# Any news on McDonald v. Chicago?



## Grenadier (Mar 23, 2010)

Just wondering?  It's been pretty quiet from the usual sources, concerning the attempted removal of the Chicago gun ban.


----------



## Cryozombie (Apr 1, 2010)

Grenadier said:


> Just wondering?  It's been pretty quiet from the usual sources, concerning the attempted removal of the Chicago gun ban.
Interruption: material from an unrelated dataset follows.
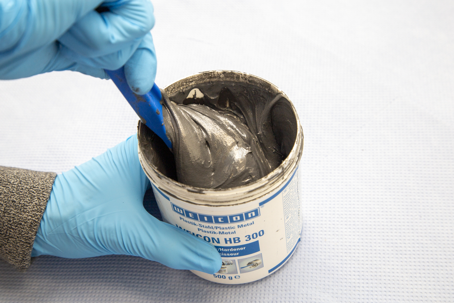 WEICON HB 300 est pâteux, à charge d'acier, résiste aux hautes températures jusqu'à +200 °C (392 °F) (brièvement jusqu'à +280 °C/536 °F) et s'applique dans un rapport de mélange de 1:1. Ce système à base de résines époxy s'applique également sur des surfaces verticales et s'utilise pour réparer et coller des pièces en fonte et en métal, pour remplir des retassures, réparer des dommages à des récipients, des carrosseries et des éléments de machines et pour rendre étanches des pompes et des tuyaux. Le produit s'utilise dans la construction de machines, d'installations et d'appareils et dans beaucoup d'autres domaines industriels.

The SCOTUS is set to vote in June. 

See my other post about a possible Concealed Carry License deal for Illinois that may be in the works...


----------



## Grenadier (Jun 28, 2010)

Huzzah!  The ruling is in:

http://liveshots.blogs.foxnews.com/2010/06/28/high-courts-big-ruling-for-gun-rights/

5-4 in favor of the Bill of Rights.  I felt really good when Justice Alito was delivering the ruling.


----------



## KenpoTex (Jun 28, 2010)

Suck it, Chicago.


----------



## Deaf Smith (Jun 28, 2010)

Now here is what I hope happens, at least for Texas....

1) The CHL permit becomes simply a background check and a once only thing. Yes ONCE ONLY. You can get it at age 18, the age to vote.

They drop the CHL class you have to take and no renewal fees. The only way you lose your license is if convicted of a felony (but then you can't vote either or hold office either.)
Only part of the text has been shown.